La Giunta Midili ha dato il via libera al Protocollo d’Intesa con l’ASP di Messina per il recupero e la riqualificazione dell’ex ospedale di Vaccarella, complesso immobiliare in disuso in Marina Garibaldi, nel cuore del quartiere Vaccarella.
L’intervento da 7 milioni di euro (fondi Pnrr assegnati all’Asp) mira a trasformare l’area e gli immobili esistenti in un polo strategico per la sanità e la cultura. Il progetto prevede che l’area ospiti gli uffici della Direzione Strategica dell’ASP di Messina e la realizzazione di un Centro Polifunzionale per Formazione e Cultura. L’iniziativa include il recupero dell’immobile principale (“ex Ospedale Vaccarella”) e la costruzione di un centro convegni, che avverrà previa demolizione degli altri edifici complementari presenti nell’area di proprietà dell’ASP. L’immobile, un tempo adibito a sede ospedaliera, ricade nella zona A – Centro Storico del vigente Piano Regolatore Generale e ha un riconoscimento di interesse culturale.
Il Comune di Milazzo ha riconosciuto il grande interesse pubblico dell’intervento. L’accordo, stipulato formalizza una stretta collaborazione tra i due enti e avrà una durata di 24 mesi dalla data della sottoscrizione, con possibilità di proroga.

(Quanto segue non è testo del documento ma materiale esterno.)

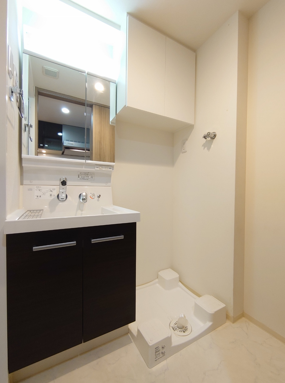 シャンプードレッサーに640×640の防水パンが付いているのでドラム式洗濯機も問題なく入ります。
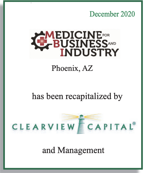 Stamford, CT, January 12, 2021 — Clearview Capital Fund IV, L.P. and its affiliates (“Fund IV”) announced today the recapitalization, in partnership with management, of MBI Industrial Medicine, Inc. and its affiliates (collectively, “MBI” or the “Company”). The transaction closed on December 18, 2020.

Il IV Settore – Ambiente e Territorio, fornirà il proprio supporto tecnico e amministrativo. Sarà fondamentale nella redazione degli atti progettuali e nella predisposizione degli elaborati necessari per l’avvio della progettazione di fattibilità tecnico-economica, nonché per le autorizzazioni urbanistiche e paesaggistiche. Questo supporto è finalizzato all’attuazione della procedura per l’approvazione in variante alle prescrizioni degli strumenti urbanistici.
L’ASP di Messina, proprietaria del complesso, si impegna a fornire tutta la documentazione in suo possesso relativa all’immobile, a coordinare l’intervento e, con il supporto del Comune, ad attivare le procedure per l’individuazione delle risorse economiche necessarie.
Il protocollo ha natura esclusivamente collaborativa e non comporta oneri economici diretti a carico di nessuna delle due parti, né implica trasferimento di risorse. Gli eventuali oneri finanziari connessi allo svolgimento della collaborazione restano a carico di ciascun contraente per la propria parte.